As the first generic to challenge Pfizer’s patent, Ranbaxy is allowed six months under a 1984 law before other generic versions can come on the market.
Mylan Inc. of Canonsburg, Pennsylvania; Teva; and Dr. Reddy’s Laboratories Ltd. of Hyderabad, India, are among generic-drug makers seeking FDA approval to sell Lipitor copies after Ranbaxy’s six-month exclusivity expires, according to U.S. court filings.
The U.S. enforcement actions against Ranbaxy, India’s biggest drugmaker, began in 2008 when the FDA cited manufacturing defects at two of the company’s plants in India and subsequently barred the company from importing about 30 different drugs. The following year, the agency said one of those plants, in Paonta Sahib, India, falsified data used in drug applications.
U.S. prosecutors had been negotiating a dispute settlement that may cost Ranbaxy more than $1 billion, Fortune magazine reported in May, without saying where it got the information. There was no mention of a settlement in the FDA’s statement yesterday.
Making generic Lipitor in the U.S. instead of India will reduce the amount of profit Ranbaxy makes on each dollar of sales, Kotak’s Arora said.
“Margins for manufacturing in the India are around 60 percent compared to about 40 percent from the U.S.,” she said.

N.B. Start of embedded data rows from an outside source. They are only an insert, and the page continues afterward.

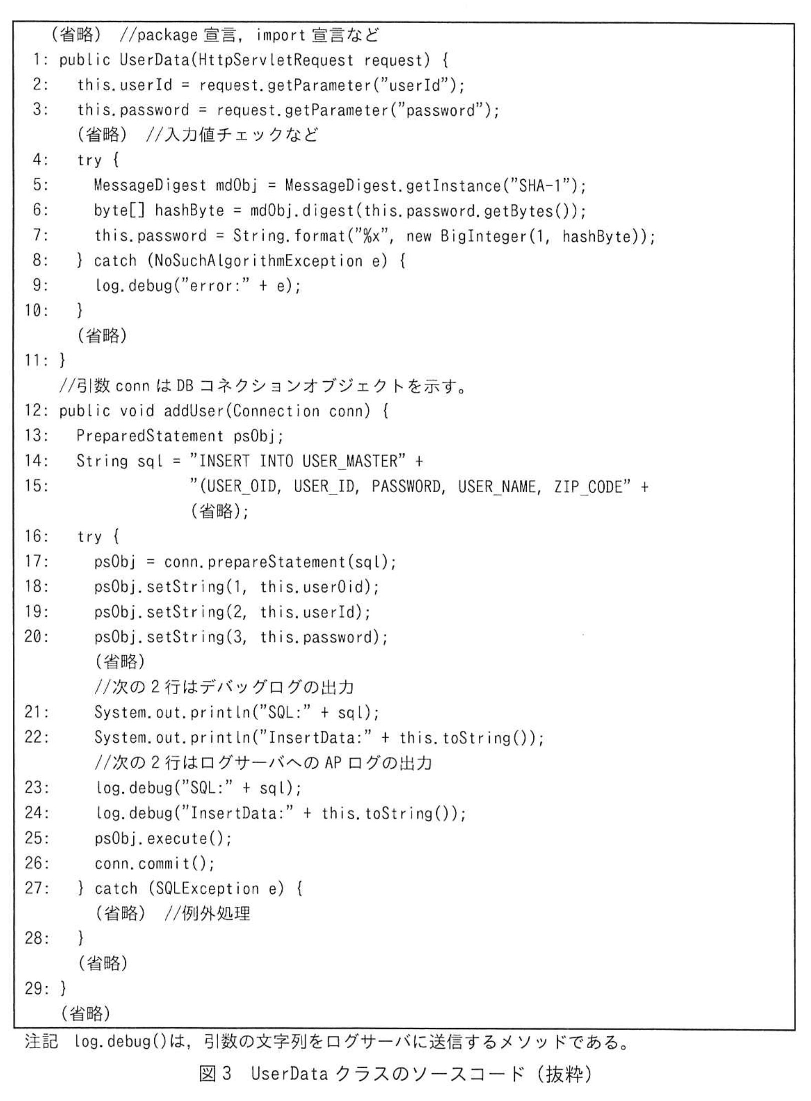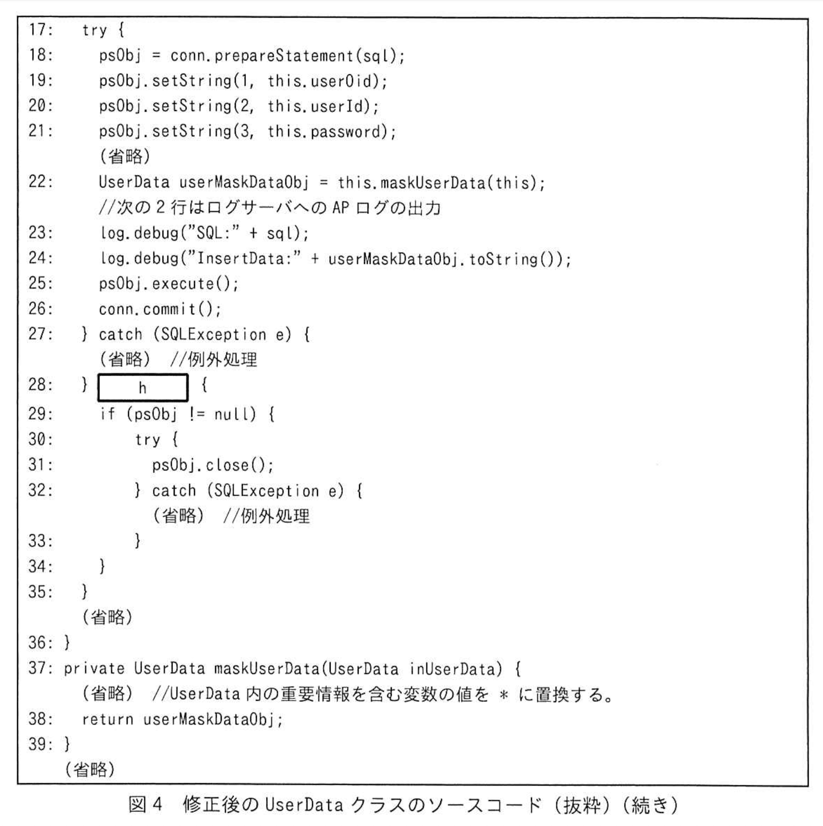 E氏の指摘を受け、システム開発者は、UserDataクラスのソースコードを修正した。
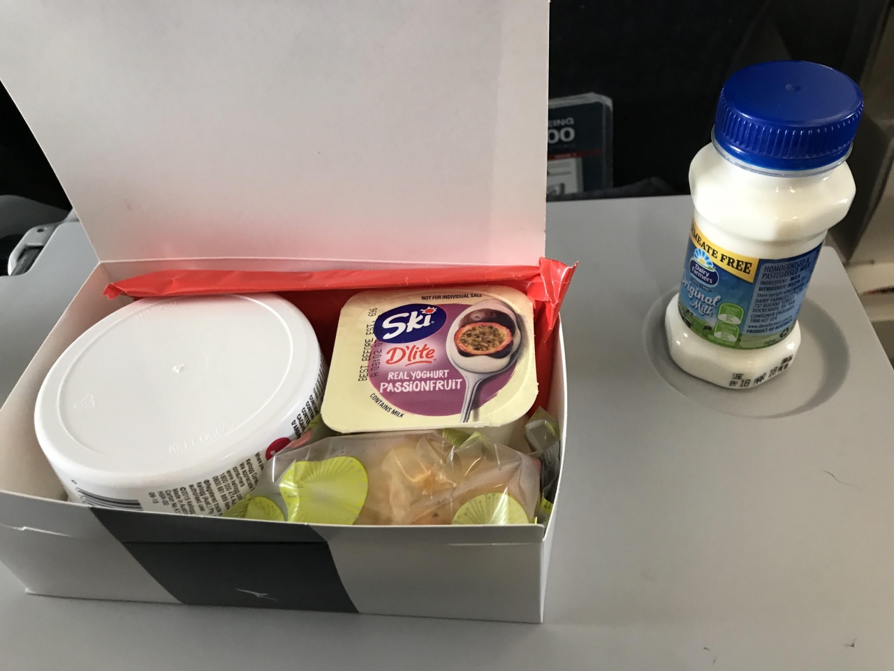 ホットなパイ?オープンサンド?か、シリアルとマフィンもどき、パッションフルーツヨーグルト、シリアル用の牛乳が
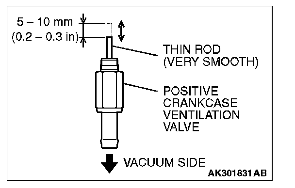 POSITIVE CRANKCASE VENTILATION VALVE CHECK1. Hold the positive crankcase ventilation (PCV) valve with the vacuum side down. Insert a thin rod, and using light pressure, depress the end of the PCV valve spring by 5 - 10 mm (0.2 - 0.3 inch). Release pressure on the rod to see if the PCV valve spring will lift the rod to its original position.
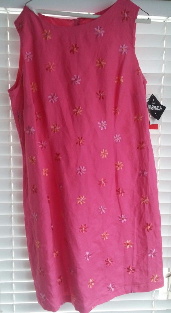 R & K Linen/Rayon Pink Azalea Sheath Sleeveless Dress/18W/New
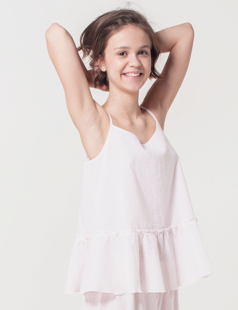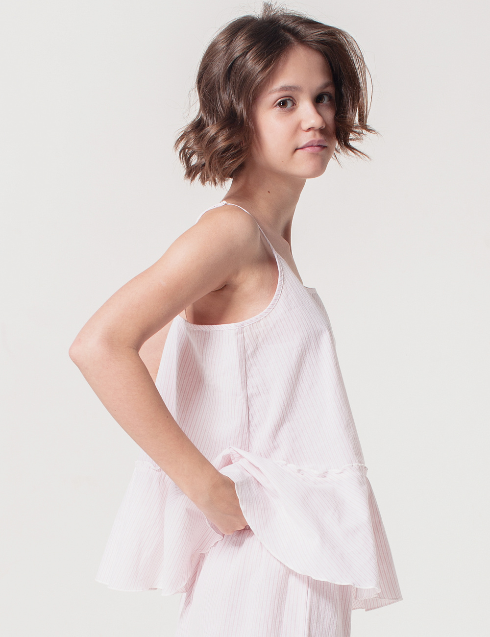 • Top jest lekko poszerzony do dołu i posiada ozdobne szerokie falbany, które dodają delikatności obrazowi.

The brokerage had estimated Ranbaxy would generate $560 million in generic-Lipitor sales during the six months of exclusivity.
“We will have to revise our estimates because of this and the Teva deal,” Arora said.
Pfizer has struck deals with companies including Catalyst Health Solutions Inc. (CHSI) and Coventry Health Care Inc. (CVH) to prevent generic Lipitor from reaching some patients until the end of May 2012, according to documents obtained by Bloomberg.
Such deals may help Pfizer retain as much as 40 percent of the Lipitor market during the six-month period in which Ranbaxy and Watson will be the only providers of generic versions, Paul Bisaro, Watson’s chief executive officer, said Nov. 9 in a speech at a Credit Suisse health-care conference.
Pfizer also has reached agreements with health insurers to keep as much of the market as possible. UnitedHealth Group Inc. (UNH), the biggest U.S. health insurer by sales, said Nov. 19 it will charge a lower co-pay for Pfizer’s pill than it does for generics for the next six months, taking advantage of a price reduction from the drugmaker.
That will limit the benefit of Ranbaxy’s exclusivity, said SMBC Nikko’s Nakazawa. Ranbaxy’s copy may generate $300 million for the Indian drugmaker next year, adding 10 billion yen ($129 million) to Daiichi Sankyo (4568)’s operating profit for the year ending March 2013, he said.